■ Aim of the task: A faithful, word-for-word copy of the records is required, and it must contain no pictures.

Records from a data source

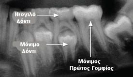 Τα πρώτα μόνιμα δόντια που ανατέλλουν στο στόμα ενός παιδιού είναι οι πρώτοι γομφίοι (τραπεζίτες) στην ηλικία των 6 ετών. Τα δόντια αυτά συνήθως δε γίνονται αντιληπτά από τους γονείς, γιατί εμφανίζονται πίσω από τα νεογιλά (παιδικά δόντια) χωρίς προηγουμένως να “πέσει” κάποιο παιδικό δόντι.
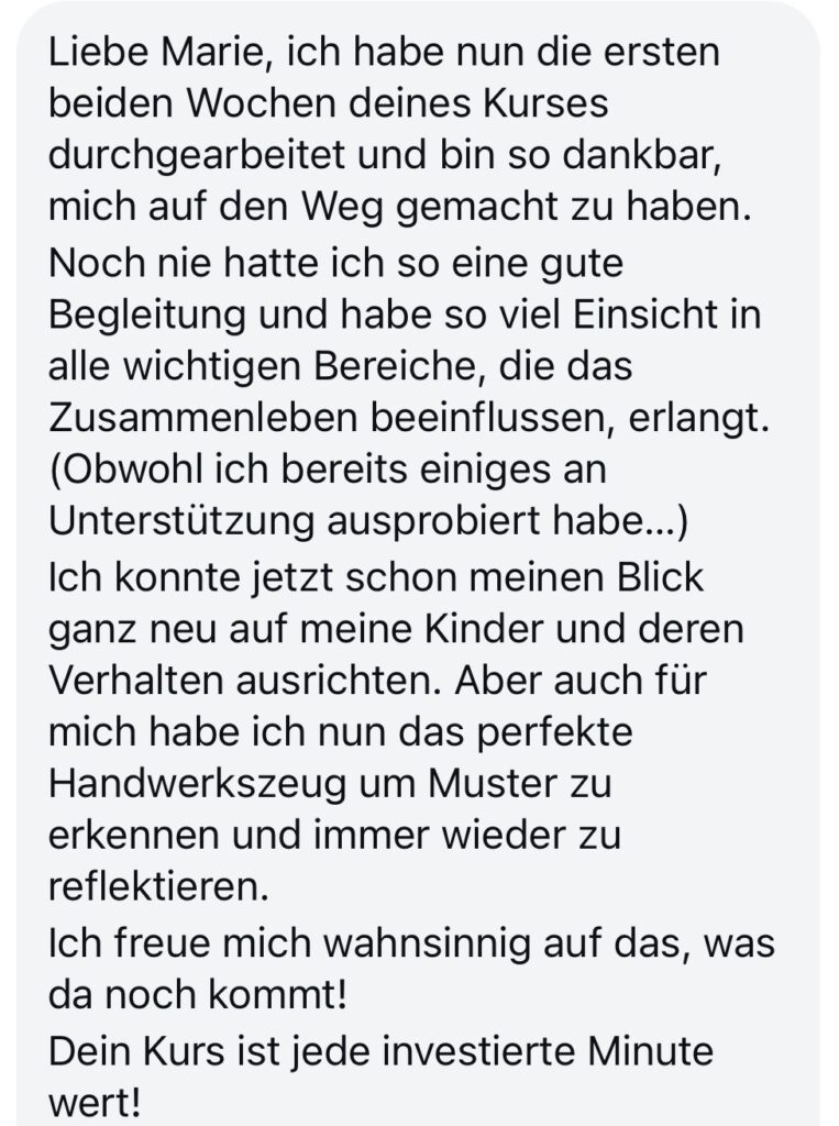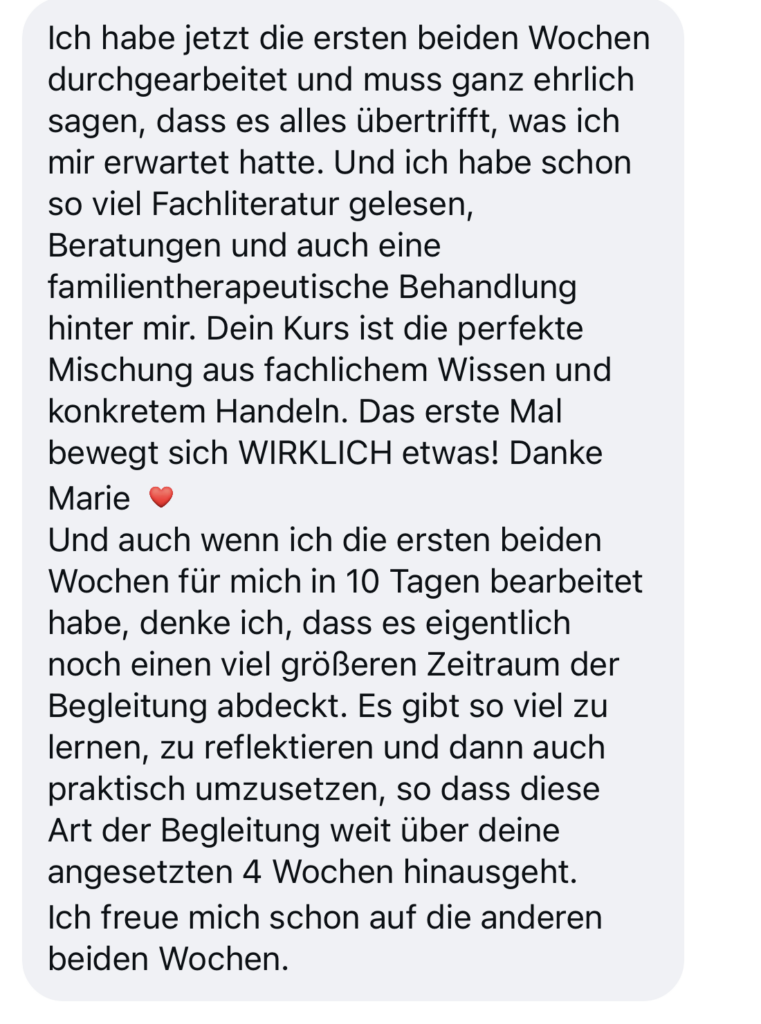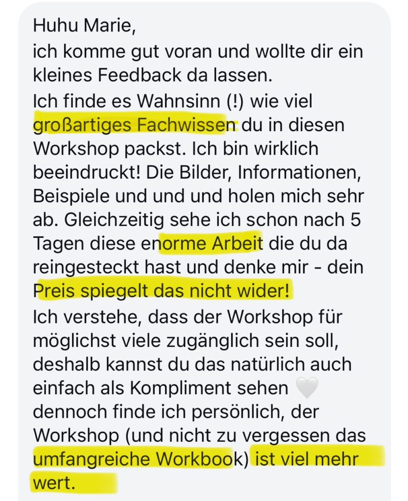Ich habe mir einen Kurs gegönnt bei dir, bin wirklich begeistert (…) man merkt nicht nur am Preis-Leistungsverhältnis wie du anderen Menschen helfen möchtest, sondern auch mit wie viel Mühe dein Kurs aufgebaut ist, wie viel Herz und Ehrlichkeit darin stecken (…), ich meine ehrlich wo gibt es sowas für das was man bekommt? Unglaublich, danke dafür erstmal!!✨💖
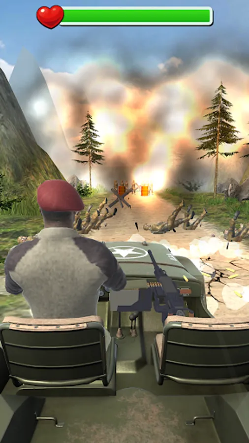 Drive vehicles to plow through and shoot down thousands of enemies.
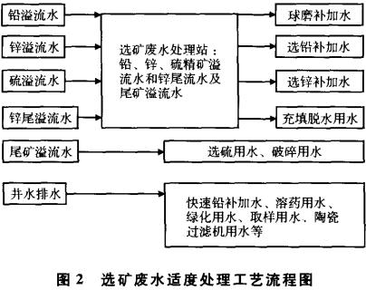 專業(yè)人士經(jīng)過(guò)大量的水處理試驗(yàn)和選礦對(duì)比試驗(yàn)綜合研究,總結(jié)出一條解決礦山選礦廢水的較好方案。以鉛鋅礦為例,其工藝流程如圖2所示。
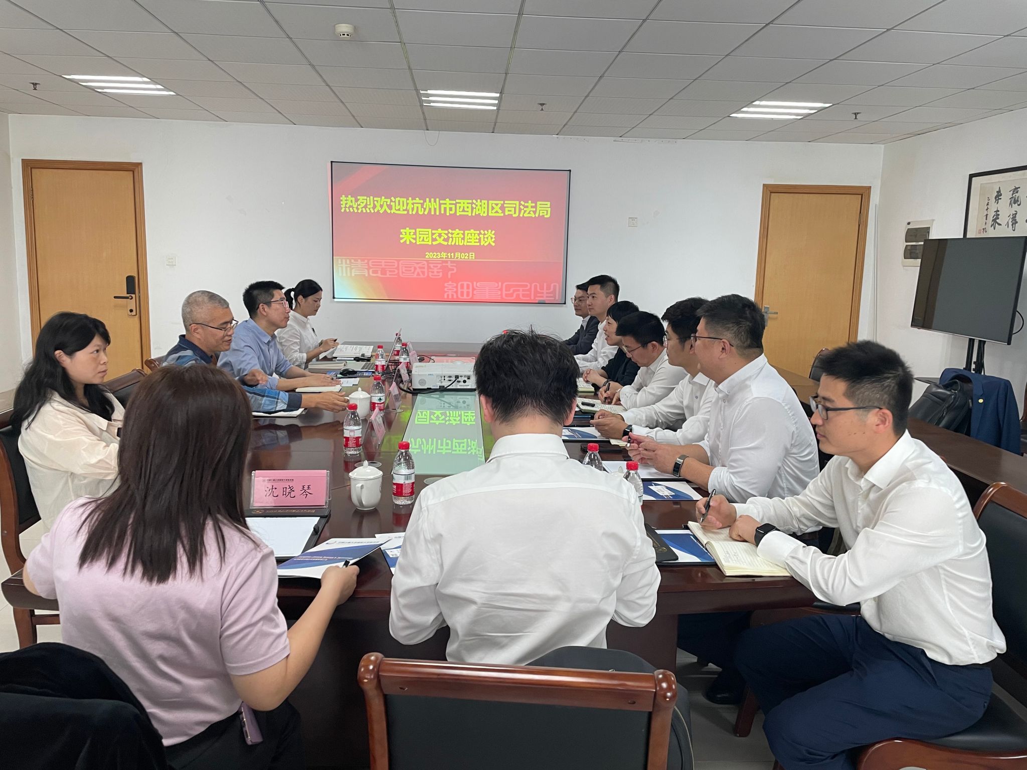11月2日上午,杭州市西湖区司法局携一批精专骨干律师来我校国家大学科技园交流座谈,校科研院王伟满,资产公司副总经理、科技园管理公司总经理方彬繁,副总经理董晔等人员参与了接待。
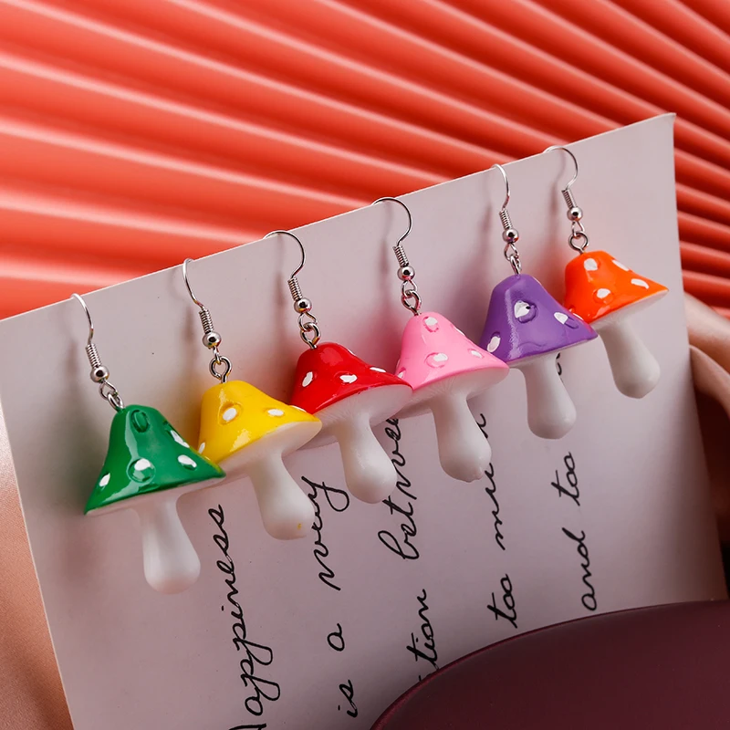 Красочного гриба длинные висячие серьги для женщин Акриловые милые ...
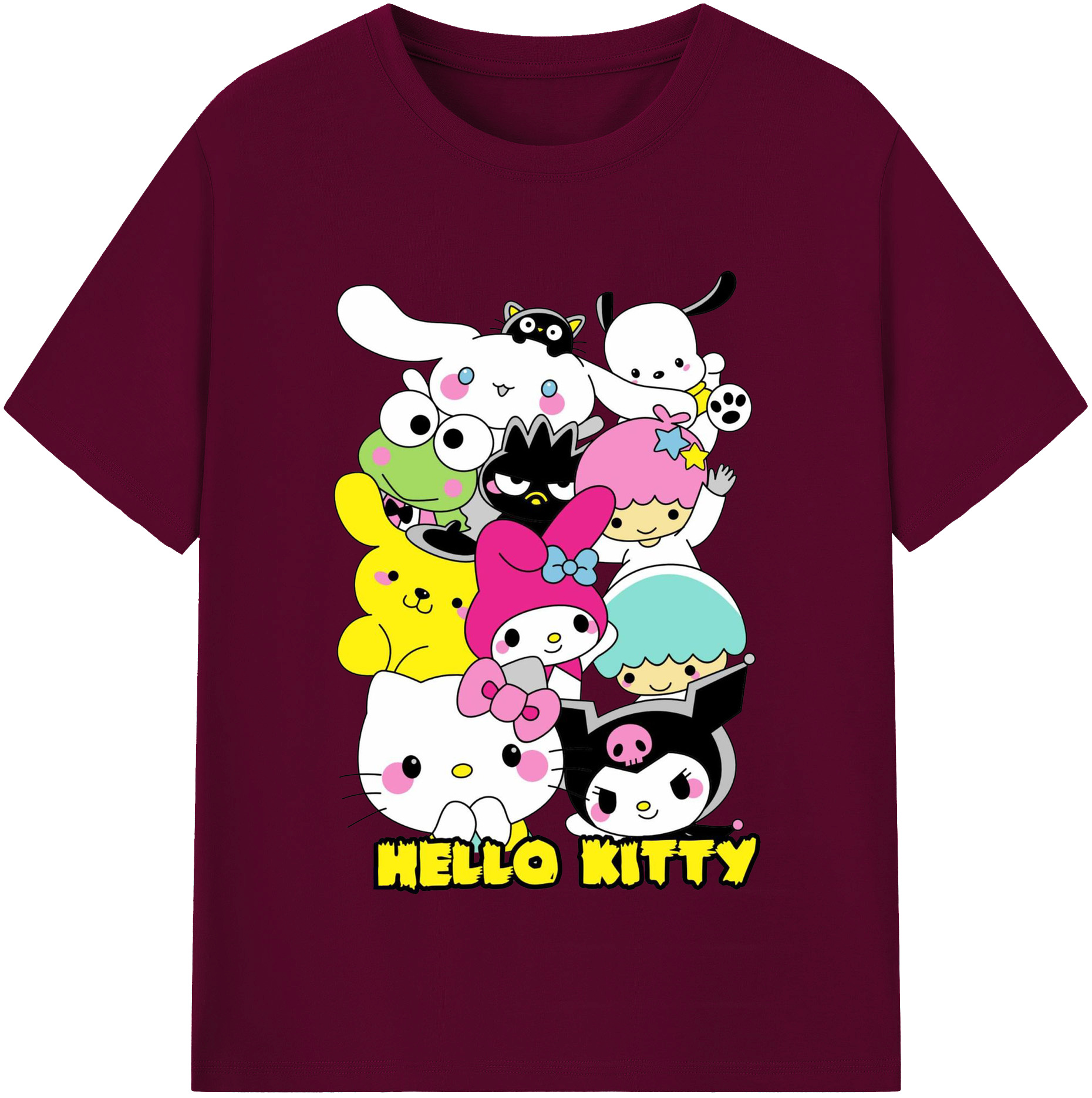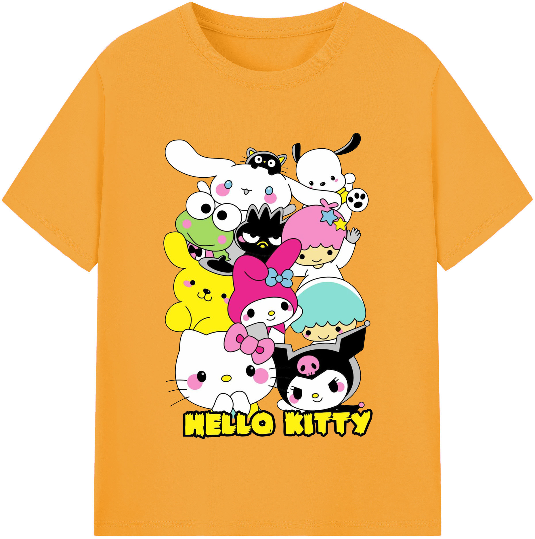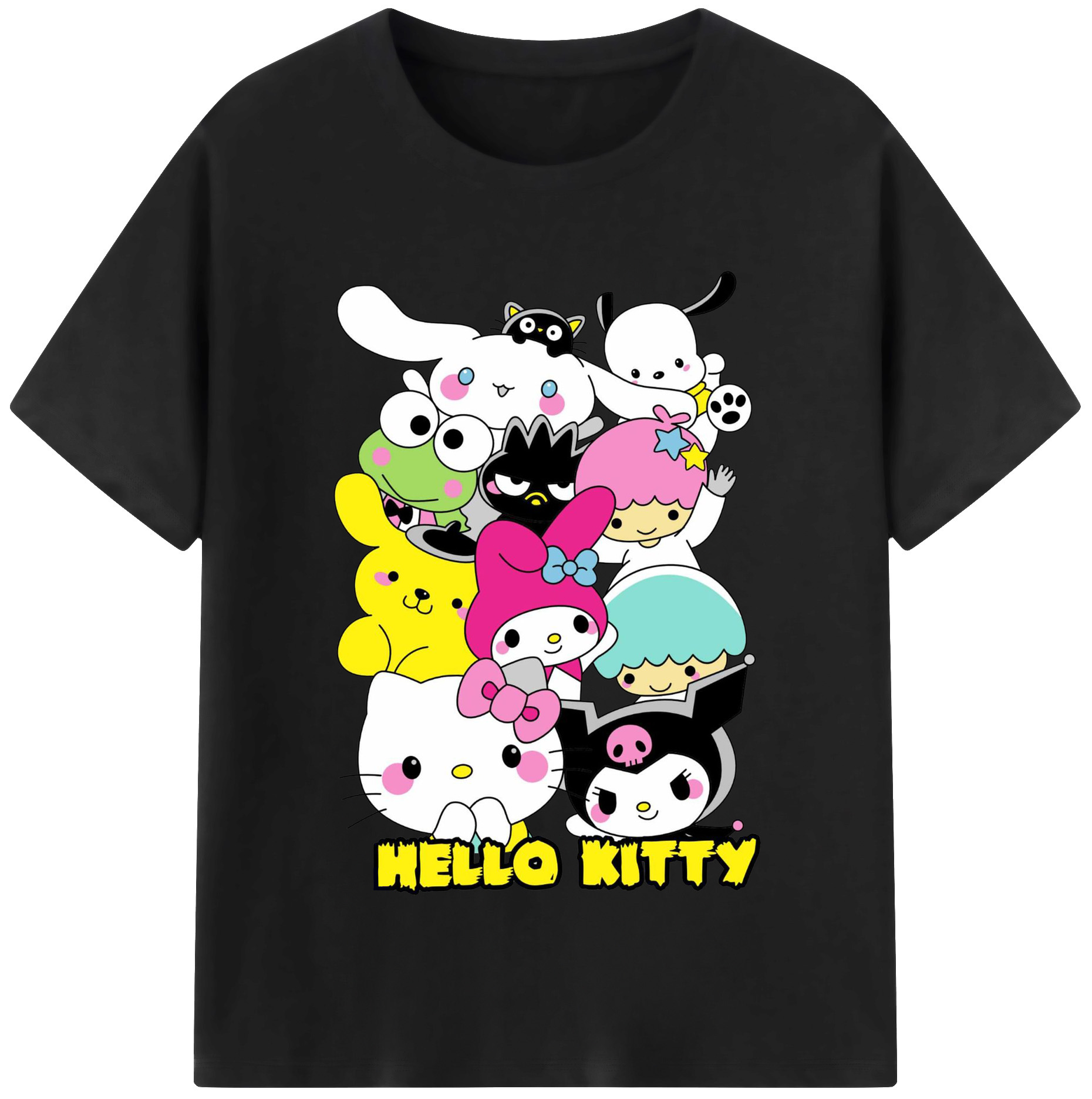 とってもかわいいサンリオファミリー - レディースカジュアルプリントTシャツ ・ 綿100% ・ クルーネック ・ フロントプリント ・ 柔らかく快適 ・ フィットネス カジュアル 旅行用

■ Answer for this exercise:
 Τα πρώτα μόνιμα δόντια που ανατέλλουν στο στόμα ενός παιδιού είναι οι πρώτοι γομφίοι (τραπεζίτες) στην ηλικία των 6 ετών. Τα δόντια αυτά συνήθως δε γίνονται αντιληπτά από τους γονείς, γιατί εμφανίζονται πίσω από τα νεογιλά (παιδικά δόντια) χωρίς προηγουμένως να “πέσει” κάποιο παιδικό δόντι.
Ich habe mir einen Kurs gegönnt bei dir, bin wirklich begeistert (…) man merkt nicht nur am Preis-Leistungsverhältnis wie du anderen Menschen helfen möchtest, sondern auch mit wie viel Mühe dein Kurs aufgebaut ist, wie viel Herz und Ehrlichkeit darin stecken (…), ich meine ehrlich wo gibt es sowas für das was man bekommt? Unglaublich, danke dafür erstmal!!✨💖
 Drive vehicles to plow through and shoot down thousands of enemies.
 專業(yè)人士經(jīng)過(guò)大量的水處理試驗(yàn)和選礦對(duì)比試驗(yàn)綜合研究,總結(jié)出一條解決礦山選礦廢水的較好方案。以鉛鋅礦為例,其工藝流程如圖2所示。
11月2日上午,杭州市西湖区司法局携一批精专骨干律师来我校国家大学科技园交流座谈,校科研院王伟满,资产公司副总经理、科技园管理公司总经理方彬繁,副总经理董晔等人员参与了接待。
 Красочного гриба длинные висячие серьги для женщин Акриловые милые ...
 とってもかわいいサンリオファミリー - レディースカジュアルプリントTシャツ ・ 綿100% ・ クルーネック ・ フロントプリント ・ 柔らかく快適 ・ フィットネス カジュアル 旅行用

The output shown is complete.